La estación vieja estaba cubierta de polvo y abandono. A pocos metros, tras un cerco oxidado, la casa aparecía tal y como Eugenia la había descrito en su sueño: dos pisos, tejado inclinado, ventanas rotas como ojos vacíos. La madera crujía con el viento, como si el lugar respirara.
—¿Estás segura que es aquí? —preguntó Fernando.
Eugenia asintió, sujetando su cuaderno contra el pecho—. En el sueño, la niña corría por un pasillo con paredes verdes y un papel tapiz rasgado. Había una muñeca rota en la escalera. Todo... era exactamente como esto.
Fernando tragó saliva. Algo dentro de él vibraba. El lugar estaba cargado, como si los sueños hubieran dejado cicatrices en sus paredes.
Empujaron la puerta. El chirrido fue largo y lacerante. Adentro, el aire olía a humedad y madera podrida. Pero lo que más los inquietó fue el silencio: un vacío que parecía devorar el sonido de sus pasos.
—¿Puedes sentirla? —preguntó Eugenia, ya con la respiración alterada.
Fernando cerró los ojos.
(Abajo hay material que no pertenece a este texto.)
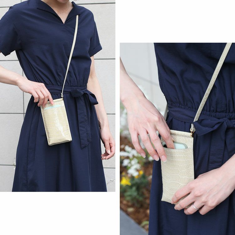 なるべく身軽にお出かけするためにも、荷物は最小限にしたいという方におすすめの、スマホ+αが入るナイルクロコダイルの小さなポシェットです。

Su don se activó de inmediato. Una voz infantil rompió la oscuridad de su mente:
"No quiero que me encuentre... la sombra está aquí..."
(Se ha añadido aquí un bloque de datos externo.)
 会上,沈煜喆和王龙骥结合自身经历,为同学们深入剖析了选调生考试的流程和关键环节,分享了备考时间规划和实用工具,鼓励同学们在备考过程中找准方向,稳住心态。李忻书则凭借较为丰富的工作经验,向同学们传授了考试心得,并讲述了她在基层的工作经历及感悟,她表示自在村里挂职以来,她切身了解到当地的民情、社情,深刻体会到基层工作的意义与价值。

—Está en el segundo piso —susurró Fernando—. Pero no estamos solos.
Subieron las escaleras con cuidado. Cada escalón parecía rechinar con una advertencia. A mitad de camino, Eugenia se detuvo.
—La muñeca —dijo, señalando un objeto junto a la baranda—. Es la misma del sueño.
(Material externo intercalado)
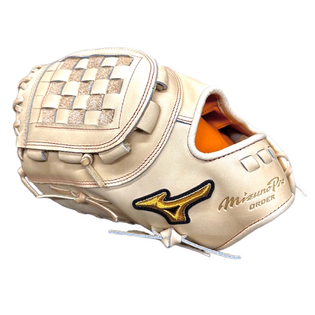 ミズノ(MIZUNO) BSSショップ限定 ミズノプロ 硬式グラブ スポコバオリジナル 品番:1AJFH70350 カラー:ブロンド(80) 素材:プレキシーエリート(天然皮革:牛革) 裏革カラー:ビターオレンジ(542) バックスタイル:ノーマルスタイル:5DNA ステッチカラー:オレンジ(7) 革紐カラー:ブロンド(80) ロゴ:ゴールド モデル:中田翔(巨人)モデル ポジション:一塁手用 左右:左投用 付属品:専用袋付き 原産国:日本製

Fernando la recogió. Tenía la cabeza torcida y los ojos desiguales. Al tocarla, una imagen lo invadió: una niña de cabello rubio, escondida en un armario, con lágrimas en el rostro. Afuera, una sombra negra recorría el pasillo, arrastrando algo metálico.
—Está atrapada entre el sueño y el recuerdo —explicó Fernando, con la voz tensa—. No puede despertar, no puede descansar.
Al llegar al final del pasillo, encontraron una puerta entreabierta. Dentro, la habitación era pequeña, con paredes verdes desgastadas. En un rincón, una figura encogida: la niña, como en el sueño.
—¿Cómo te llamas? —preguntó Eugenia, con ternura.
—Sofía —respondió la niña, sin levantar la vista—. Él viene cada noche. Si me ve, me lleva al sótano. Nadie regresa de ahí...
Fernando dio un paso hacia ella, pero el aire se volvió gélido. Las paredes vibraron. Una sombra emergió desde el suelo, alta y desfigurada, sin rostro, sin forma definida, hecha de oscuridad y odio.
—¡Fernando! —gritó Eugenia.
Él cerró los ojos y respiró hondo. Sabía qué hacer.
Extendió la mano hacia la sombra, conectando con su origen. Vio el recuerdo: un hombre que había vivido allí, marcado por la culpa, por lo que hizo a su hija. La sombra no era un espíritu: era la memoria de su horror, atrapada en el eco del sueño de Sofía.
—No eres real —dijo Fernando con firmeza—. Eres miedo. Y el miedo no tiene poder aquí.
La sombra tembló. Eugenia tomó la mano de la niña, y juntas cruzaron la habitación hacia Fernando. Cuando los tres se tocaron, un destello blanco llenó el cuarto, y la sombra se deshizo como humo.
Sofía sonrió. Su figura se desvaneció con suavidad, como si nunca hubiera estado allí.
—Gracias... —susurró, antes de desaparecer.
El silencio volvió. Pero esta vez era distinto. Era paz.
Fernando y Eugenia salieron de la casa tomados de la mano. Sabían que aquello era solo el principio.